Merujuk pada kolom Tanya Jawab Fiqih di situs Kementerian Agama, para ahli layanan syariah menjelaskan mengenai hukum aqiqah untuk janin yang mengalami keguguran. Pendapat para ulama dalam hal ini ternyata berbeda-beda.

Hukum Aqiqah untuk Janin Keguguran dalam Islam

Ibnu Hajar dalam kitab Fatawa berpendapat bahwa aqiqah tidak diwajibkan bagi janin yang keguguran sebelum mencapai usia empat bulan (17 minggu) atau sebelum terbentuknya wujud manusia yang jelas. Menurutnya, aqiqah hanya terkait dengan kelahiran anak yang telah mencapai usia tertentu dan memiliki bentuk manusia yang nyata.

Ibnu Hajar menjelaskan, “Aqiqah hanya disunahkan untuk bayi keguguran yang sudah ditiupkan roh padanya (yang bisa diketahui dengan adanya tanda-tanda kehidupan).” (Al-Fatawa al-Fiqhiyyah al-Kubra, vol. 4, hal. 257).

Beliau menambahkan, jika janin tersebut belum ditiupkan ruhnya, maka ia tidak akan dibangkitkan di hari kiamat. Oleh karena itu, tidak ada keharusan untuk melaksanakan aqiqah bagi janin yang gugur sebelum usia empat bulan.

“Adapun janin yang belum ditiupkan roh padanya maka dia (bagaikan) benda mati yang tidak akan dibangkitkan serta tidak bisa dimanfaatkan kelak di akhirat. Sehingga tidak disunahkan menyembelih akikah untuknya. Berbeda dengan bayi keguguran yang sudah ditiupkan kehidupan padanya, ia adalah manusia hidup yang akan dibangkitkan kembali kelak di akhirat serta bisa dimanfaatkan syafaatnya.”
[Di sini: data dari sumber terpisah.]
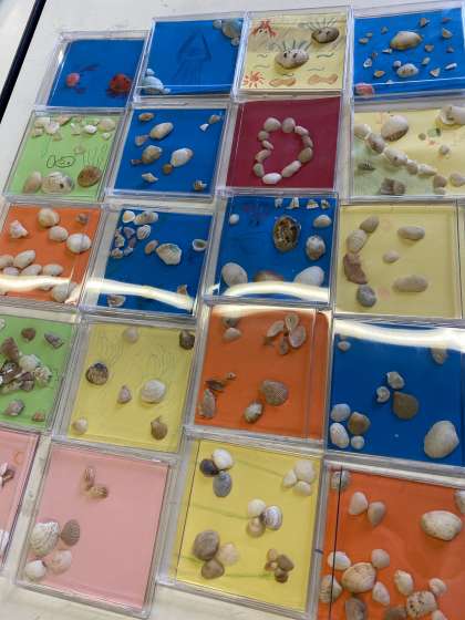 その貝殻を拾い集めて、画用紙に貼り、ディスクケースに入れて貝殻アートを作りました。

Di sisi lain, beberapa ulama menyarankan tetap melaksanakan aqiqah bagi janin yang keguguran sebagai bentuk amal kebaikan. Mereka berpendapat bahwa aqiqah bisa dimaknai sebagai doa dan bentuk syukur atas anugerah seorang anak, meskipun anak tersebut belum lahir sepenuhnya.

Sementara itu, Sheikh Mustafa Umar, Presiden Universitas Islam California, menjelaskan bahwa aqiqah wajib dilakukan jika janin telah mencapai usia 120 hari.
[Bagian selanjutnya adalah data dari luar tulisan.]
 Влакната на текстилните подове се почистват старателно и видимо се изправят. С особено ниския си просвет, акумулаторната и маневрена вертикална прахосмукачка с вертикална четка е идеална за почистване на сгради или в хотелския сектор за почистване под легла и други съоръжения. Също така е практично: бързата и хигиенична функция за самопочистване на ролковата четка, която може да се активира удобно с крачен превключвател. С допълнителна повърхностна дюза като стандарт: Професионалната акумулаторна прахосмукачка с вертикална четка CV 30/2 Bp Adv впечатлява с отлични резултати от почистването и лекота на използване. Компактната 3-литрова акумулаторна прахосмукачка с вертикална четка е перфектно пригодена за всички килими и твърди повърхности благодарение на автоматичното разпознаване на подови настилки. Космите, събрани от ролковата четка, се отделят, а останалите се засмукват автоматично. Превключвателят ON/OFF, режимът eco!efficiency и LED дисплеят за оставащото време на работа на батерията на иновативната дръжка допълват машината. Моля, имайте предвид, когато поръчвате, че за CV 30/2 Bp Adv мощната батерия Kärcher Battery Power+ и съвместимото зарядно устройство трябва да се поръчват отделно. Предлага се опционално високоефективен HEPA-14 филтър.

Dari berbagai pandangan di atas, dapat disimpulkan bahwa:

  1. Jika keguguran terjadi sebelum janin ditiupkan ruh, yaitu sebelum berusia empat bulan atau 120 hari, maka aqiqah tidak disunnahkan.
  2. Jika keguguran terjadi setelah ditiupkannya ruh, yaitu setelah usia empat bulan atau 120 hari, maka aqiqah tetap disunnahkan.

Perawatan Janin yang Keguguran dalam Islam

Penanganan janin yang keguguran dalam Islam terbagi menjadi beberapa bagian, sebagaimana dijelaskan dalam buku Ritual Kematian Islam Jawa karya K.H. Muhammad Sholikhin:

  1. Jika bayi yang keguguran menunjukkan tanda-tanda kehidupan, seperti mengeluarkan suara dan sudah jelas bentuknya sebagai manusia, maka perlakuannya sama seperti orang dewasa: harus dimandikan, dikafani, disalatkan, dan dikuburkan.
  2. Jika bayi memiliki bentuk manusia yang jelas namun tidak menunjukkan tanda-tanda kehidupan sejak lahir, maka wajib untuk memandikan, mengkafani, dan menguburkan, tetapi tidak perlu disalatkan.
  3. Jika janin tidak menunjukkan tanda-tanda kehidupan dan belum berbentuk manusia yang jelas, tidak ada kewajiban apa pun, namun disunnahkan untuk mengkafani (dibungkus) dan kemudian dikuburkan.

Syaikh Hafizh Ali Syuaisyi’ menambahkan dalam bukunya bahwa jika janin masih berupa sepotong daging, cukup dikuburkan saja dengan cara yang memungkinkan.

Ketentuan Aqiqah

Pelaksanaan aqiqah tetap dianggap sebagai sunnah muakkad, yang hampir setara dengan kewajiban, sebagaimana dijelaskan dalam karya Sayyid Sabiq yang disusun oleh Syaikh Sulaiman Ahmad Yahya Al-Faifi. Ini berarti, meskipun orang tua bayi dalam keadaan ekonomi yang sulit, aqiqah tetap dianjurkan untuk dilaksanakan.

Dari Samurah RA Rasulullah SAW bersabda, “Tiap anak laki-laki tergadai dengan aqiqahnya. Disembelih aqiqah itu untuknya pada hari ke-7, dicukur rambutnya, dan diberi nama.” (HR Ahmad).

Jumlah Hewan untuk Aqiqah

Jumlah hewan yang disembelih untuk aqiqah bergantung pada jenis kelamin anak. Untuk anak laki-laki, diwajibkan menyembelih dua ekor kambing, sementara untuk anak perempuan cukup satu ekor kambing.

Aisyah RA berkata, “Rasulullah memerintahkan kami untuk menyembelih dua ekor kambing yang sama besar untuk anak laki-laki, dan satu ekor kambing untuk anak perempuan.” (HR At-Tirmidzi).